For certain, the 2008 financial crisis was a massive blow. It fragilized international investors and slowed down tourism, which in turn decreased the return on investment of the different projects.
Furthermore, the city might have overestimated the enthusiasm of both international workers and tourists to come to the city.
While it may be one of the “most entertaining” cities in the world, it remains PG-13 for everybody.
There are no casinos in Dubai, women must dress a certain way, alcohol consumption is extremely tight, it is strictly forbidden to display signs of affection in public (kissing), and cross-dressing will send you to jail.
Let’s not even talk about the prohibition of anal sex, extramarital sex, everything related to being gay, the impossibility to get drugs, the ban on prostitution, and more.
Dubai, as such, is a fun city for families with married parents. But if you’re looking for a place to get drunk, smoke weed, have sex with strangers or professionals, and gamble your salary away, it’s definitely NOT the place to go.
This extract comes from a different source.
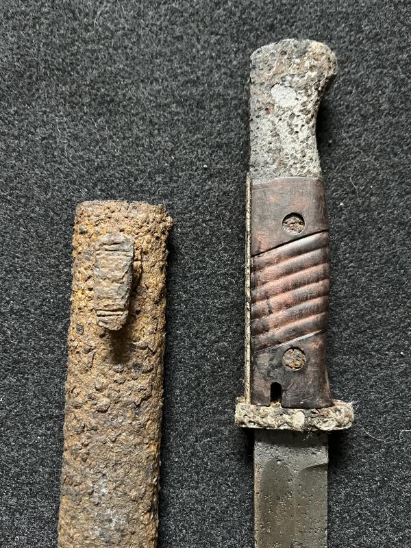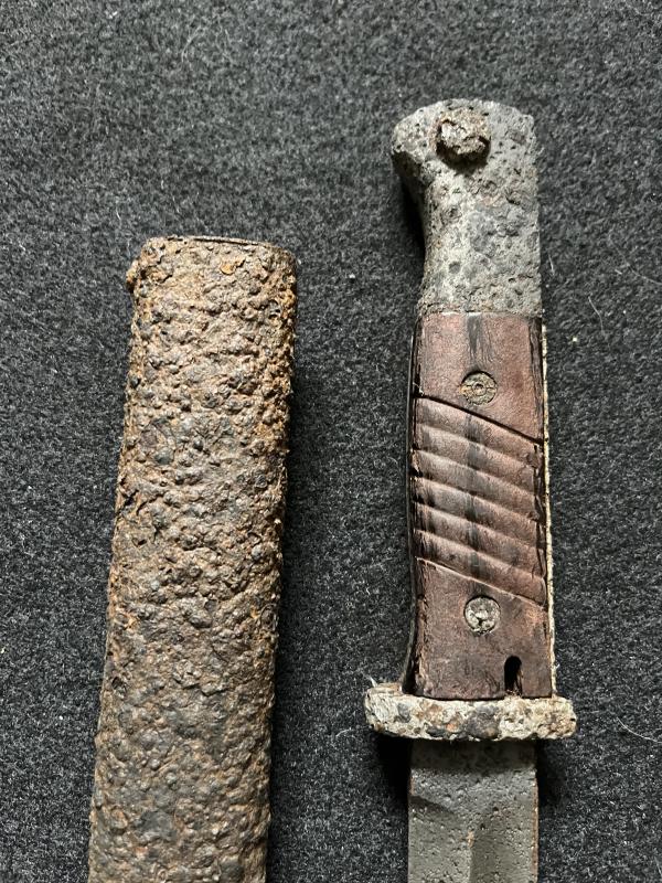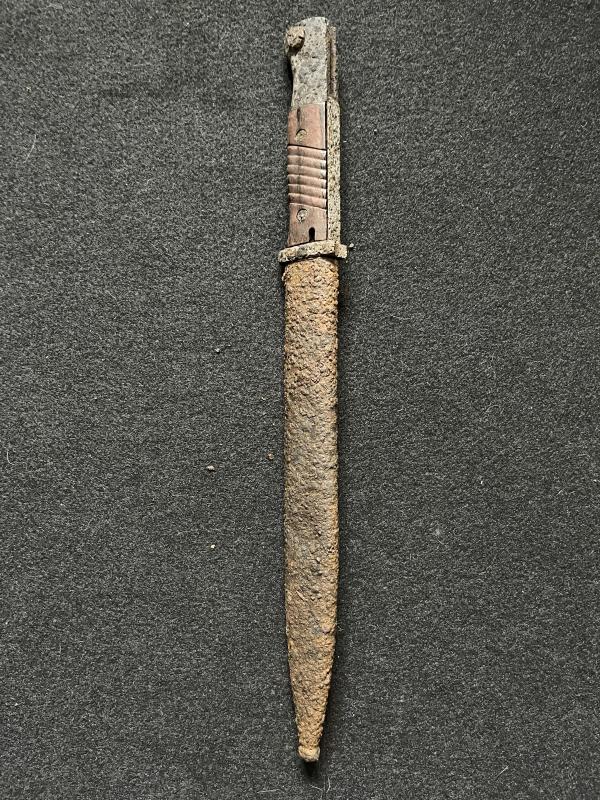 This is a nice relic WW2 German K98 Bayonet which still has its Bakelite grips and scabbard. This is an age restricted item. Proof of age must be provided. U.K. Sales Only.

Unfortunately, when we talk about having fun, most people think of doing that which is forbidden in Dubai.
Amusement parks can only take you so far.
There is another problem.
While it may be the best city in the world to attract foreigners, it is also probably the worst one to keep them.
When foreigners move to Dubai to work for an Emirati company, they have their passports confiscated which prevents them from fleeing if they want to.
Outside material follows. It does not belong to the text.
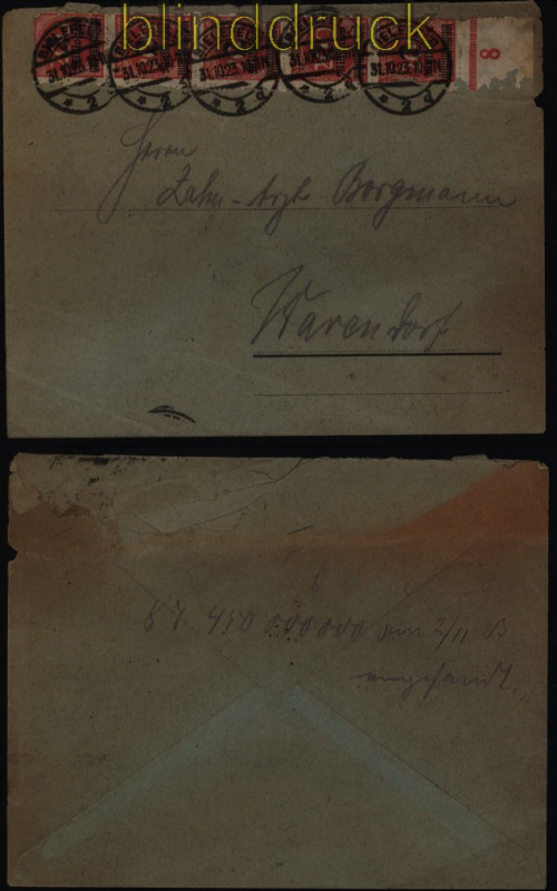 Deutsches Reich Mi # 309 B (5) MeF auf Fernbrief Bielefeld 31.10.1923 nach Warendorf Aufdruckmarke 2 Millionen auf 200 Mark durchstochen seltene portogerechte Mehrfachfrankatur von 5 Marken vom Letztag dieser Perioide auf Fernbrief aus Bielefeld 31.10.1923 nach Warendorf alle Marken sind mehr oder weniger beeinträchtigt und sind teilseise so auch verklebt worden hoher Katalogwert von 1500,00 Euro Erhaltung siehe Scan

That is not very comforting.
Furthermore, it is nearly impossible to obtain an Emirati citizenship, and the government does not provide any type of supports to foreigners.
When the pandemic hit, many expatriates lost their jobs. They had but no choice to leave Dubai since the cost of living was too high to stay and the government did not provide them with any types of benefits.
By losing its international community, the economy took a hit (fewer people created less wealth and consumed less as well). The real estate market plunged (yet again) which decreased the relevance of further real estate projects.
Could Dubai have seen too big?
I think so.
The early success of the Burj Al-Arb incentivized Dubai to keep its building mania going. I believe they did so thinking “build it and they’ll come”.
Unfortunately, Dubai may have overestimated the propensity of foreigners to join the city for the reasons explained above. It may have all of the amusement parks in the world…the prohibition on drugs, alcohol, and sex doesn’t make it a nice place to live in. The non-existence of support for foreigners either.
The future will tell whether Dubai can achieve its vision to be the luxurious city it wants to be.
However, if they don’t ease a bit the many prohibitions installed, I’m afraid Dubai eventually becomes an empty nightmare in place of the prosperous dream its founders had originally envisioned.